Last week, the Associated Press reported that 193 Kemp’s Ridley sea turtles that stranded near Cape Cod will be shipped to Florida.
These turtles have arrived and are in rehabilitation in seven facilities across Florida.
Valley News reported
The nearly two dozen veterinarians, biologists, drivers and government officials, coordinated by the Florida Fish and Wildlife Conservation Commission, huddled in the rain waiting. As soon as the plane’s engines shut down, they went to work, counting out turtle numbers as boxes were loaded into vans.
Within 10 minutes, the first van left for a drive to an aquarium in the Keys. In all, seven aquariums from South to North Florida took some of the reptiles for rehabilitation. SeaWorld took 72 of them.
Turtles have also gone to other states recently, including 50 taken to North Carolina, 31 to Georgia, 20 to South Carolina and 14 to Pennsylvania.
The Florida turtles are likely to be released into the Gulf of Mexico, which is probably the survivors’ birth waters. More than 90 percent of nesting occurs along beaches of the state of Tamaulipas, Mexico.

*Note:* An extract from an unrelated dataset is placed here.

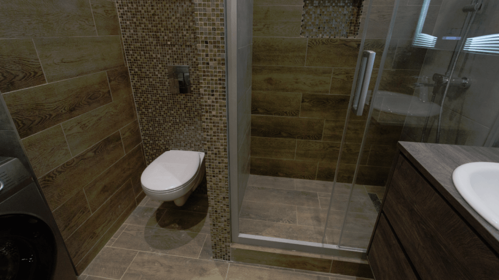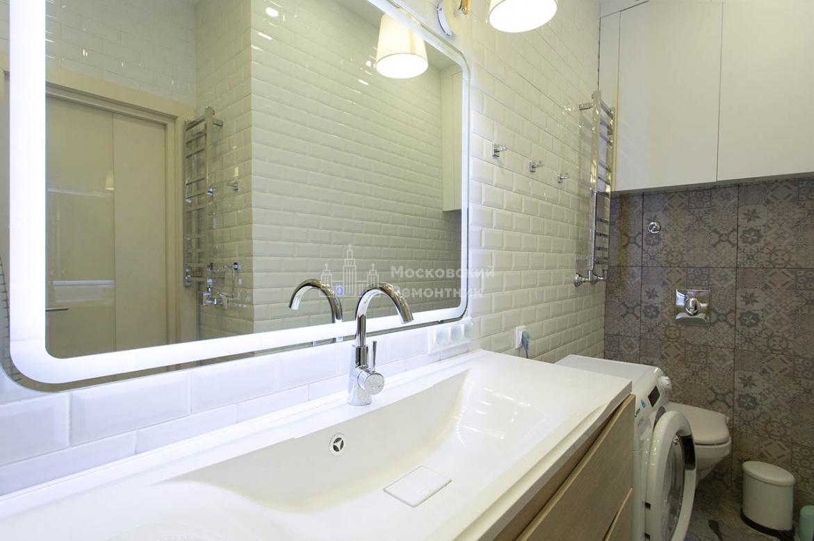 Санузлы – это самый дорогой участок получился. Мастера уложили плитку в комбинации с бордюрчиком, заменили все трубы и сантехнику, не забыли про люки ревизии и подключение бойлера. В маленьком гостевом санузле с трудом, но втиснули раковину, в нише сделали полочки для бытовой химии. На плитке у нас работал Игорь, рекомендую, опытный и рукастый мастер. Каждый уголок сделал аккуратно, швы на плитке тонкие и ровные. Вся сантехника установлена по правилам, все подключения сделаны. Прожили в квартире уже больше месяца, пока недостатки в глаза не лезут.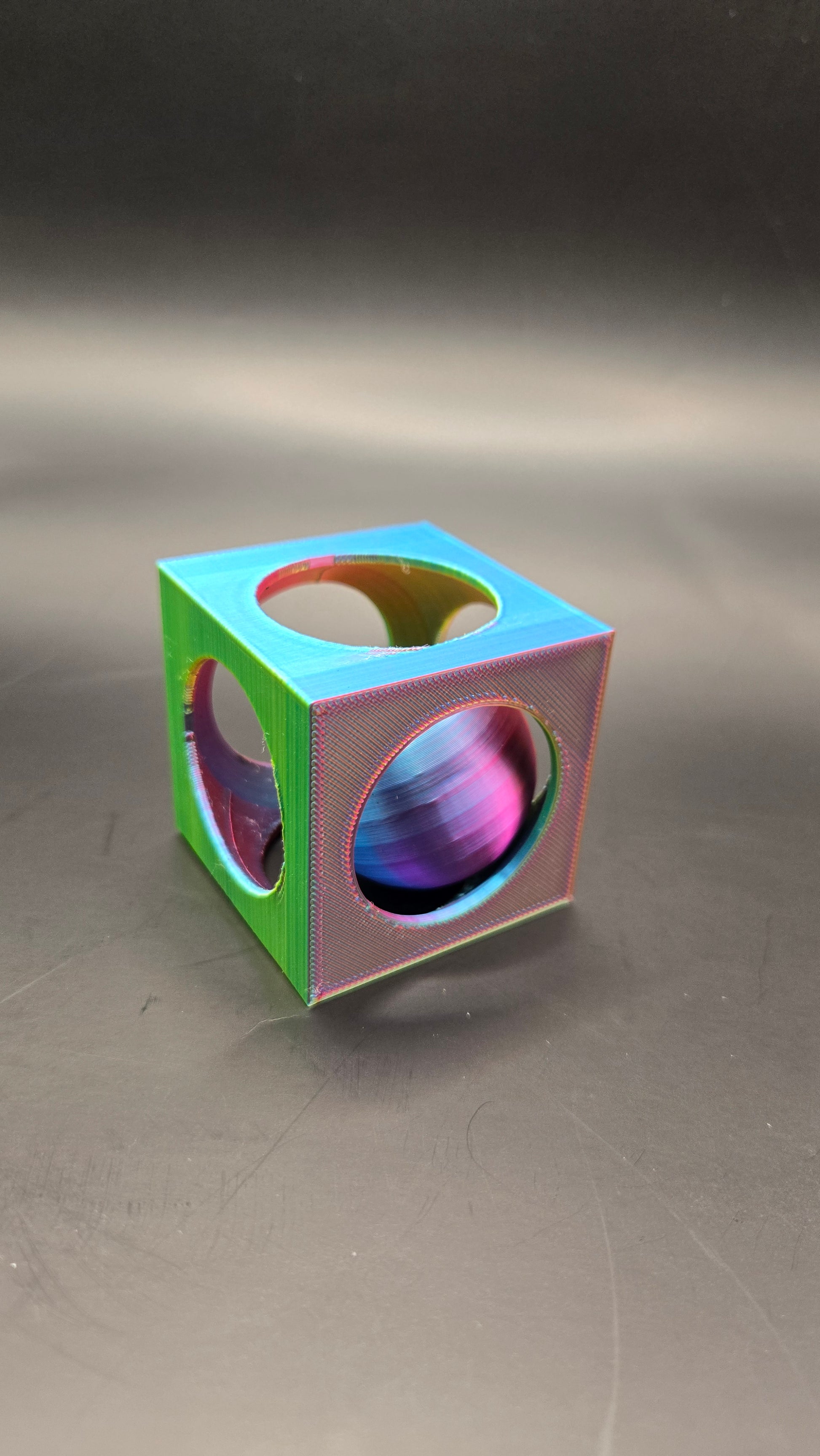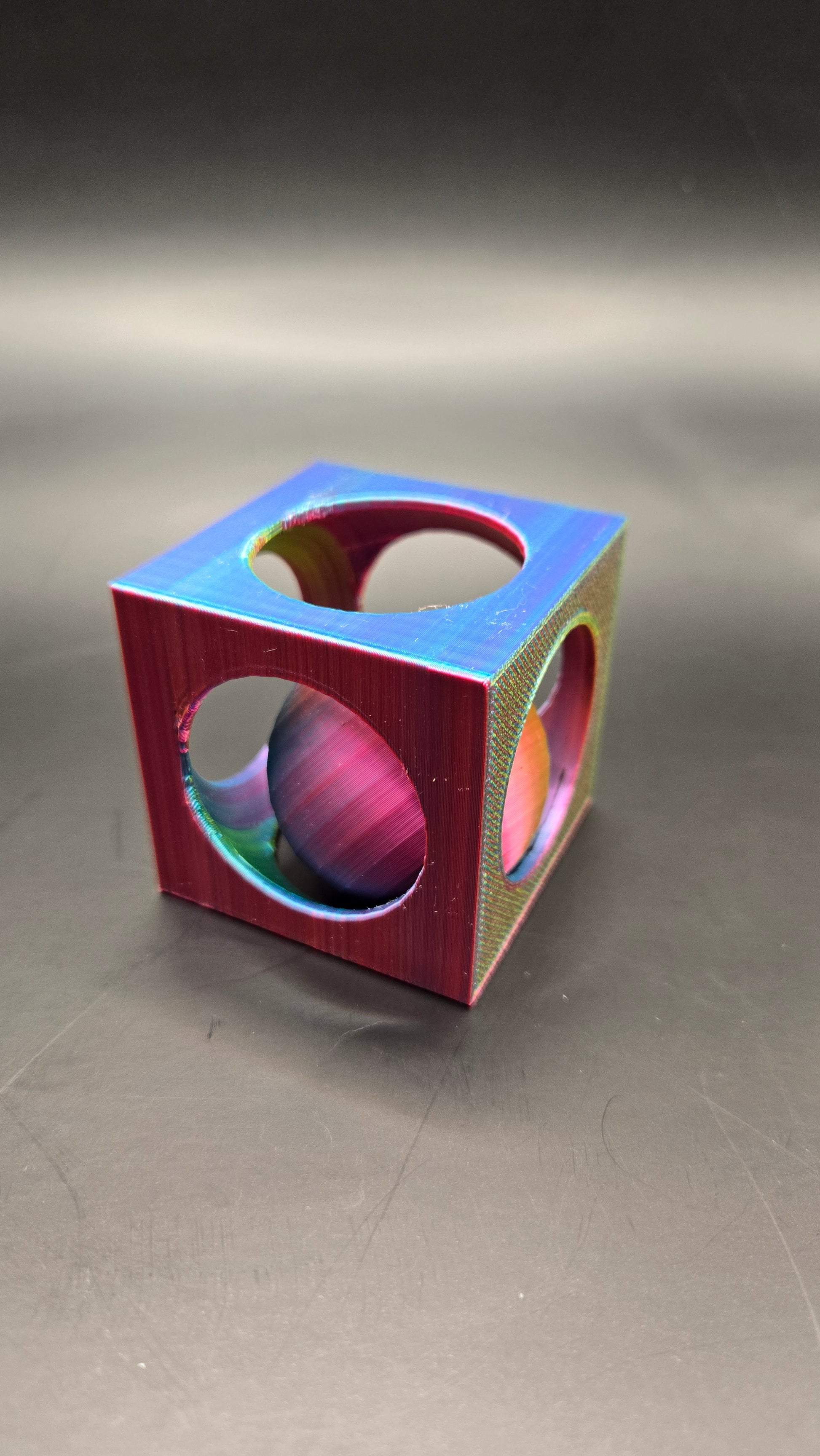 3d printed; fidget toy; ball in cube; relaxing; for stress and anxiety; just for fun; blue, yellow, fuchsia mix - color will vary due to nature of the manufacturing

Cristy Barrett, a senior biologist at the Aquarium, says: “The point is to keep the species alive. When you lose that many turtles, you lose a lot of scientific diversity. It’s really important to save every single life that we can.” Now, Barrett and her co-workers are keeping watch over the 10 turtles they have under their care in Tampa, providing them with liquids, keeping them lubricated and tending to their injuries. The turtles will be there for at least another year, in order to ensure their survival.
The Turtle Hospital, a Keys-based facility in Marathon, is caring for 30 of the sea turtle patients according to CBS Miami.
Hospital officials said Wednesday that each cold-stunned turtle had a full physical examination, X-rays, a swimming test and was administered intravenous fluids and Vitamin D. Hospital staff is endeavoring to slowly raise the reptiles’ body temperatures with the goal of releasing them once they are deemed healthy enough to return to the wild.
Some of the turtles have secondary issues including head trauma and pneumonia.
My Panhandle reports that Gulf World Marine Park will be caring for 50 of the turtles.
Three other Florida facilities, including Sarasota’s Mote Marine Aquarium, are caring for the remaining 31 turtles.